HUMAN RIGHTS TRIBUNAL OF ONTARIO
B E T W E E N:
Nadine Rypalowski
Applicant
-and-
The Porcupine Health Unit and Robert Bell
Respondents
INTERIM DECISION
Adjudicator: Michelle Flaherty
Indexed as: Rypalowski v. Porcupine Health Unit
1The applicant filed an Application under s. 34 of the Human Rights Code, R.S.O. 1990, c. H.19, as amended, (the “Code”) on August 4, 2009. She alleges discrimination in the context of employment on the basis of race and record of offences. She seeks a financial remedy and an external investigation into the respondents’ operations.
2The applicant is also involved in a grievance proceeding. The grievance, filed on June 19, 2009, alleges that the respondents breached the collective agreement by condoning harassment in the workplace. The remedies sought are financial as well as an independent investigation into the alleged workplace harassment.
3On October 2, 2009, the Tribunal issued a Notice of Intent to Defer the Application on the basis that the grievance deals with the subject matter of the Application. The Tribunal invited the applicant, the respondents and the applicant’s union to provide submissions regarding the deferral question by October 16, 2009.
4The respondents filed written submissions with the Tribunal on October 16, 2009. However, neither the applicant nor her trade union responded to the Notice of Intent to Defer.
5The respondents state that the facts of the case support a deferral of the Application. However, it asks that, rather than defer the Application, the Tribunal dismiss it. The respondents argue that the Application is outside the Tribunal’s jurisdiction (power) to decide because it does not allege a violation of the Code. According to the respondents, even if the facts contained in the Application are accepted, there is no basis upon which to find that the Code was breached.
6I have reviewed the Application carefully and I agree that it is difficult to see how the applicant’s allegations relate to the Code.

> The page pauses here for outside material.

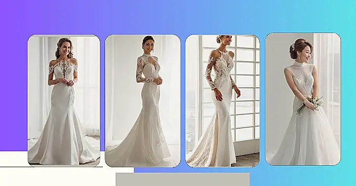 Seriously, this dress is giving me major bridal goals. The long sleeves add a touch of mystery, while the fitted silhouette shows off your figure in the best way possible. Plus, that train! It’s long enough to make a grand entrance, but not so long you have to worry about tripping and ruining your big day (unless, of course, you’re going for a dramatic ‘trip and fall’ moment, which, let’s be real, would be totally memorable!).

However, in the circumstances of this case, I am satisfied that a deferral of the Application is the best course of action. It is both fair to the parties and makes the most effective use of the Tribunal’s and the parties’ resources. This decision is without prejudice to the respondents’ ability to ask for a dismissal of the Application in the event it is reactivated.
7My decision to defer the Application is based on the following reasons.
8Section 45 of the Code gives the Tribunal the power to defer an application in accordance with its Rules of Procedure (“Rules”).
9Rule 14.1 of the Rules states:
The Tribunal may defer consideration of an Application, on such terms as it may determine, on its own initiative, at the request of an Applicant under Rule 7, or at the request of any party.
10The Tribunal will generally defer an application where there is an ongoing grievance under a collective agreement based on the same facts and issues. However, the Tribunal must also consider, in light of the particular circumstances of each case, whether deferral is the most fair, just and expeditious way of proceeding with the Application.
11Based on the materials filed with the Tribunal, I am satisfied that the grievance proceeding and the Application deal with the same subject matter. In my view, the most fair, just and expeditious way of proceeding is to defer the Application pending the outcome of the grievance proceeding.
12Should any party wish the Tribunal to proceed with the Application once the grievance has been determined, it should consider Rules 14 of the Rules of Procedure.
13I am not seized of this matter.
Dated at Toronto, this 5^th^ day of November, 2009.